Calculating the inverse of a matrix through row reduction

Calculating the inverse of a matrix through row reduction#

Another way to calculate the inverse of a matrix is to use row reduction (also called Gaussian elimination). The rules of row reduction are

multiply any row by a nonzero constant \(\lambda \neq 0\);
interchange rows;
add a multiple of one row to another.

To find the inverse of \(A\), we set up a new matrix made up of \(A\) and \(I\) next to each other with a line between them just to remind us where the separation is between the orignal matrices i.e. we write a rectangular matrix of the form \((A|I)\). Then we apply rules of row reduction until we obtain the form \((I|B)\). Then \(B = A^{-1}\). An example will make this method clearer. Suppose we have a matrix \(A\) with

\[\begin{split} \begin{aligned} A = \begin{pmatrix} 1 & 3 \\ 2 & 7 \end{pmatrix}\, . \end{aligned} \end{split}\]

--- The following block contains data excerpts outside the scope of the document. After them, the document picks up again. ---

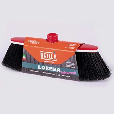Lorena Broom Protector is an indoor broom with soft rubber bumper edge Thanks to the fine micro-feathered bristles it is suitable for cleaning all floors in the home, even the most delicate ones Universal handle attachment (handle not included) Washing instructions: washable at a temperature of no higher than 60 °C. Allow to dry with the bristles facing up Composition: 100% recycled PET bristles, 100% moplen clapboard, rubber edge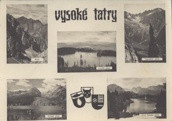 Pocztówka 5. elementowa ukazuj±ca atrakcje turystyczne miasta Wysokie Tatry. Na kolejnych zdjęciach zamieszczono: 1. Rysy, 2. Szczyrbskie Jezioro, 3. Popradzki Staw. 4. Nowe Szczyrbskie Jezioro, 5. Szczyrbskie Jezioro. W górnej czę¶ci pocztówki napis: vysoké tatry, w dolnej 3 herby.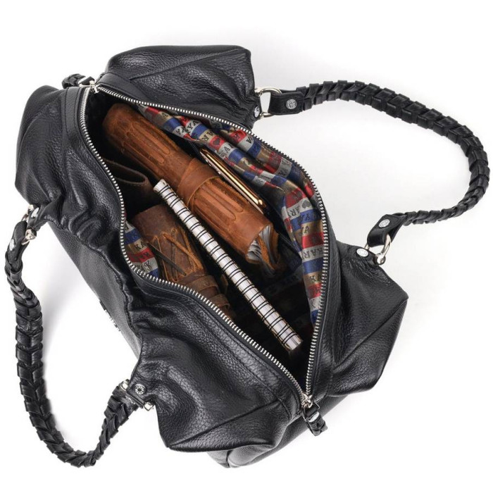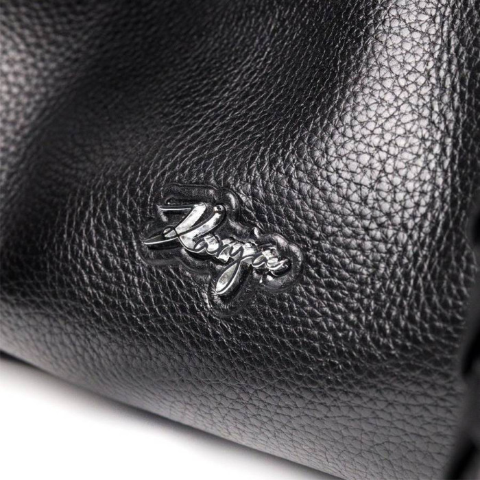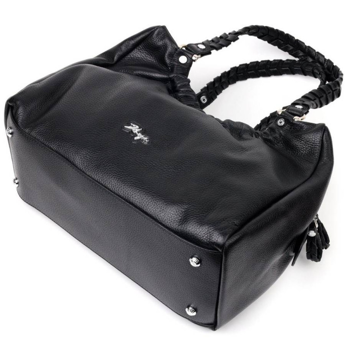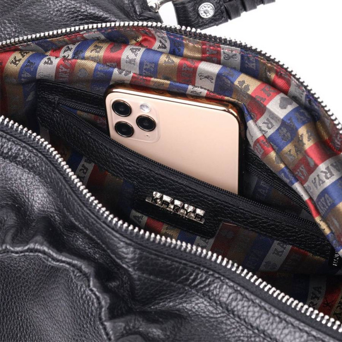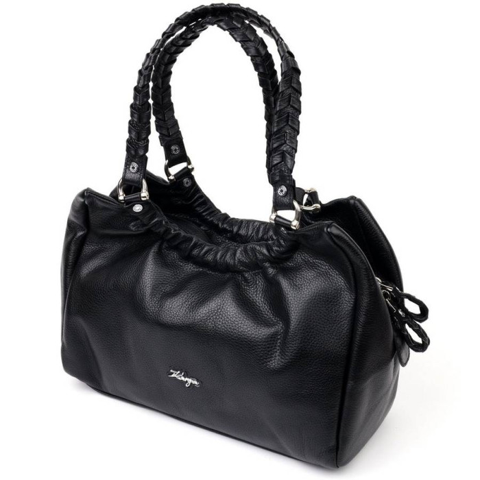 Містка сумка жіноча з натуральної зернистої шкіри, класичного чорного кольору. Сумка функціональна та зручна в експлуатації, якісна фурнітура сріблястого кольору не тільки доповнює стильний дизайн сумки, але й захищає виріб. Аксесуар упакований у фірмовий текстильний мішок Karya. Сумка з натуральної шкіри завжди буде чудовим подарунком будь-якій жінці.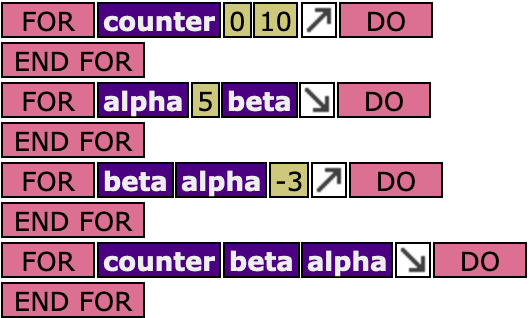 Here are a few examples of FOR loops that have been set up correctly, provided the values are numerical and each variable already contains a numerical value.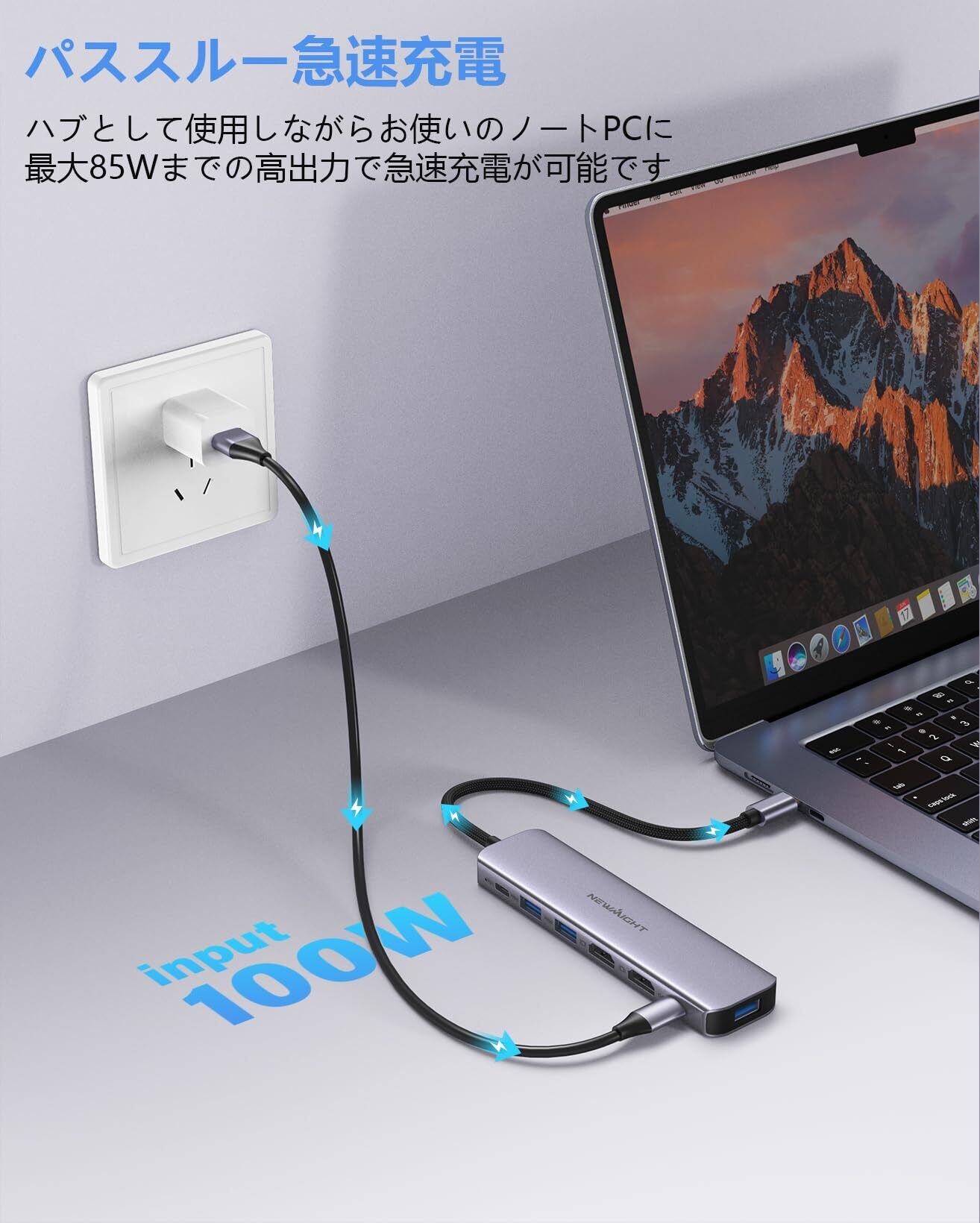 USB C ハブ hdmi 2つ Dual Display ドッキングステーション 7in1 MST デュアル 4K HDMI 拡張 リプル ディスプレイ 2畫面 HDMI*2、高速USB 3.0*3、type c データ伝送、USB-C 100W充電、MacBook Pro/Airなど対応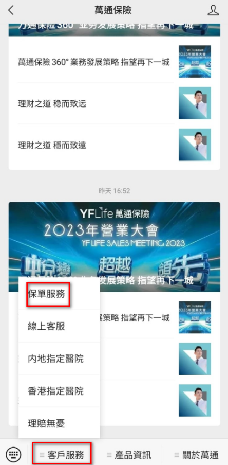干货帖|万通APP「YFlife」使用攻略,手把手教你!一定用得上!![]() 2024 年第三季度,万通保险业绩一路狂飙!整体公司新造业务年度化保费同比飙升 89%,强劲增长势头势不可挡! 关注万通的朋友们应该都知道,万通保险的最新动态就是旗舰储蓄产品「富饶千秋Plus」,想了解的朋友可参阅《**的卷王它又来了!万通「富R千秋」2025年全新升级!》。 ![]() 别急,小编今天就给大家安排上万通保险「APP」超详细操作指南,一键解锁便捷保单管理! ![]() ![]() ![]() IOS系统: 在Apple Store或Google Play搜索"YFLink",或扫描上方二维码下载APP。 ![]() Android 系统: 如若安卓手机无法下载Google Play,可直接复制下方的链接到手机浏览器上下载: https://eapp.yflife.com/yflink/index_apk.htm ![]() 微信公众号直接登录: 您也可以从微信公众号快速进入,使用[保单服务]功能: ![]() 进入【保单服务】后,进行登录以及其他操作: 下载后,需要登入/注册,首次使用的朋友在注册页面,输入自己的手机号码(投保万通保单时登记的手机号码,必须与客户在保险公司登记的记录相同),填写手机验证码登陆后即可注册成功。 然后输入保单持有人的名字、出生日期及身份证号码就能登录啦!登录后搜索和绑定所有适用保单就行啦。 ![]() ![]() ![]() ![]() YFLink可查阅保单详情、更改保单资料(通讯地址、联络电话、电子邮箱、自动转账日期)、更改投资选择(适用于投资相连保单)、缴交保费、查看理赔记录。 ![]() 01 绑定保单 登录「应用程序」—点击「注册」—点击「请选择电话」—输入「验证码」点击「同意」—完成注册 登录后—点击绑定「个人保单」—输入「姓名」「出生日期」「身份证」—点击「连接」—输入「验证码」—点击「完成」—设置「个人密码」—点击右下角「我的」—选择「我的保单」—便可审阅您的保单 具体操作清查看如下视频操作步骤指南: *温馨提示:记得注册的手机号码,要和投保时的一样! ![]() 02 保单缴费 登录「应用程序」—点击「我的」—点击「更多」—选择「更改缴费方式」选择「需要更改的保单」—选择「缴费方式」—点击「提交并付款」—选择「付款方式」—根据指示完成付款—点击「完成」 具体操作清查看如下视频操作步骤指南: *温馨提示:如果是香港客户可以选择转数快! ![]() 03 保单投资选择 登录「应用程序」—点击「我的」—点击「投资选择调动」—选择「更改投资选择分配比率」阅读后选择「同意」—选择「调整比率和新增投资」—点击「类别」—选择「投资产品」—点击「下一步」检查后点击—「确认」 具体操作清查看如下视频操作步骤指南: *温馨提示:注意分配比率总和必须为100%。 ![]() 04 更改保单信息 登录「应用程序」—点击「我的」—点击「更多」—依变更需求点击「更改通讯地址」—「更改电话\电邮」—依页面提示填写相关信息进行变更。 具体操作清查看如下: *温馨提示: 提示1:如更改通讯地址,中国大陆地址必须填写邮政编号,澳门地址必须填写街道名称及号数。 提示2:如更改电话,必须提供手机号码,完成更改后用新的手机号码登录。 提示3:如果客户需要更改密码,则需在YFLink APP中点击【更改密码】,设定——管理密码——更改业务密码,输入现在的密码和验证信息(保单持有人名字、出生日期和身份证号码),然后输入新密码就可以了。 注:文章部分来源网络,转载仅作分享,侵删 有了这款万通APP[YFLink],一站式服务及信息应用程序,提供多元化功能,让你随时、随地、随心、去管理你的个人保单,如查看保单申请进度、查阅保单相关文件、浏览最新产品信息等。 您的万通保单,触手可及! ![]() 若您希望深入了解香港保险,可以扫描下方二维码,我们将有专业的顾问老师为您提供「私人定制+专属服务」。 ![]() ![]() 如果您想了解更多最新消息或疑难,欢迎长按识别并添加上方二维码详询哦,小编将为您一对一解答~ 好啦,以上就是今日分享啦!关注【与众家族办公室】,给您最专业的建议、最用心的服务~ ![]() 推荐阅读 ![]() ![]() ![]() ![]() ![]() ![]() 点个“在看”不失联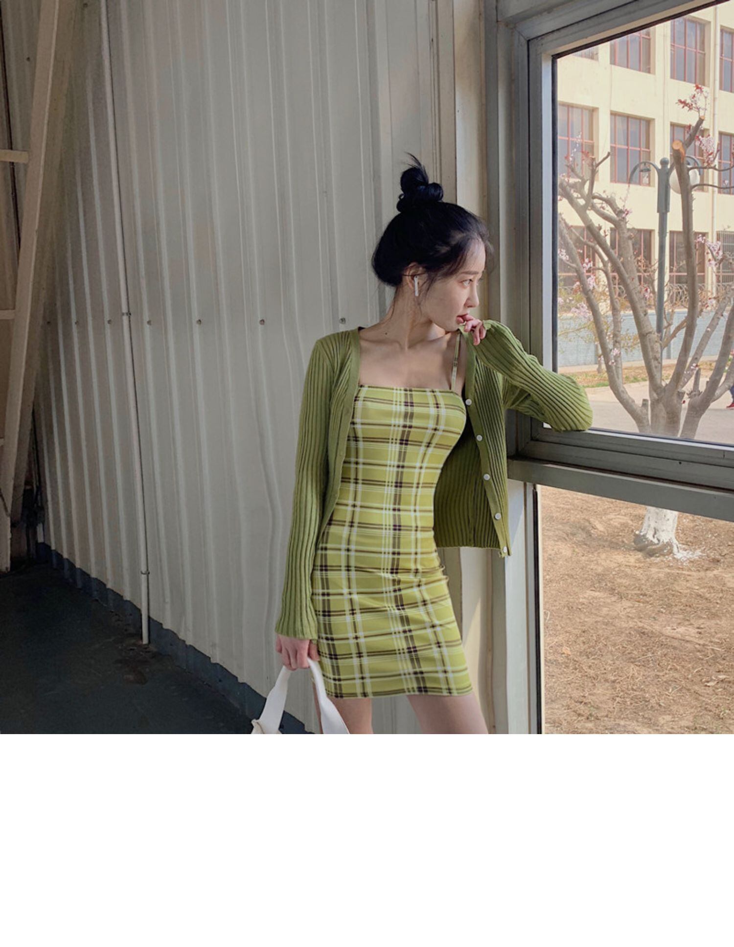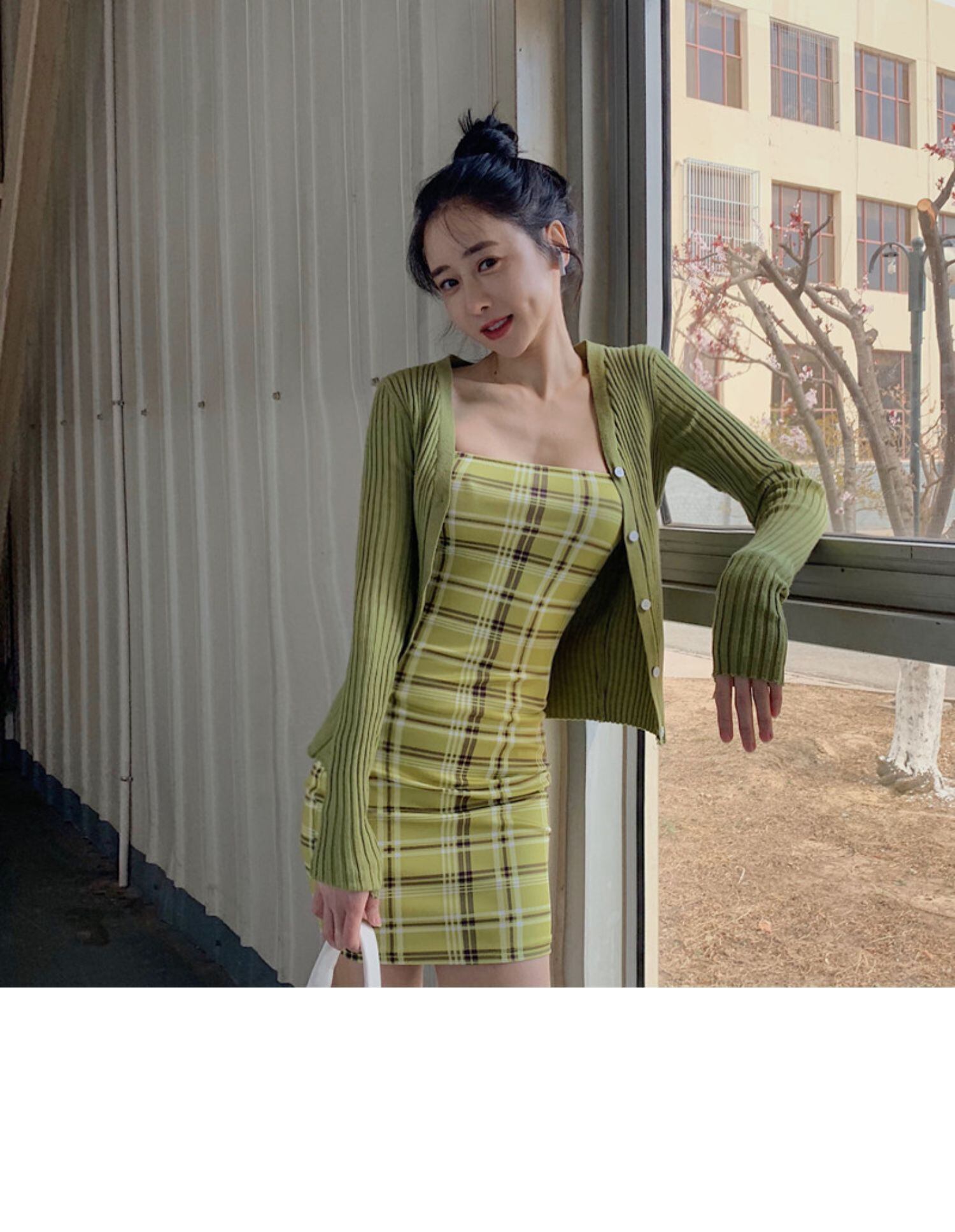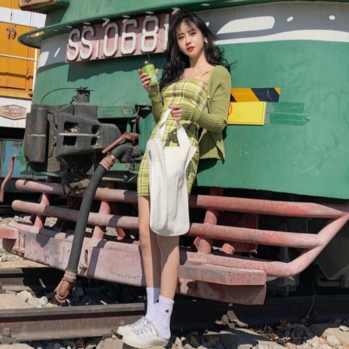 スプリングサマースタンダード格子柄ドレス ショートVネックニットカーディガン レトロ 春物 夏物 ドラファッションホール37104372027

Row reduction proceeds as follows: first we remove twice the first row from the second row and then we remove three times the second row from the first row i.e.

\[\begin{split} \begin{aligned} \left( \begin{matrix} 1 & 3 \\ 2 & 7 \end{matrix} \left\vert \begin{matrix} 1 & 0 \\ 0 & 1 \end{matrix} \right. \right) \xrightarrow{r_2 \to r_2 - 2 r_1} \left( \begin{matrix} 1 & 3 \\ 0 & 1 \end{matrix} \left\vert \begin{matrix} 1 & 0 \\ -2 & 1 \end{matrix} \right. \right) \xrightarrow{r_1 \to r_1 - 3 r_2} \left( \begin{matrix} 1 & 0 \\ 0 & 1 \end{matrix} \left\vert \begin{matrix} 7 & -3 \\ -2 & 1 \end{matrix} \right. \right) \end{aligned} \end{split}\]

where \(r_j\) denotes the \(j^{\rm th}\) row. The inverse of \(A\) is therefore

\[\begin{split} \begin{aligned} A^{-1} = \begin{pmatrix} 7 & -3 \\ -2 & 1 \end{pmatrix}\, . \end{aligned} \end{split}\]

You can check that indeed \(A^{-1} A = I\).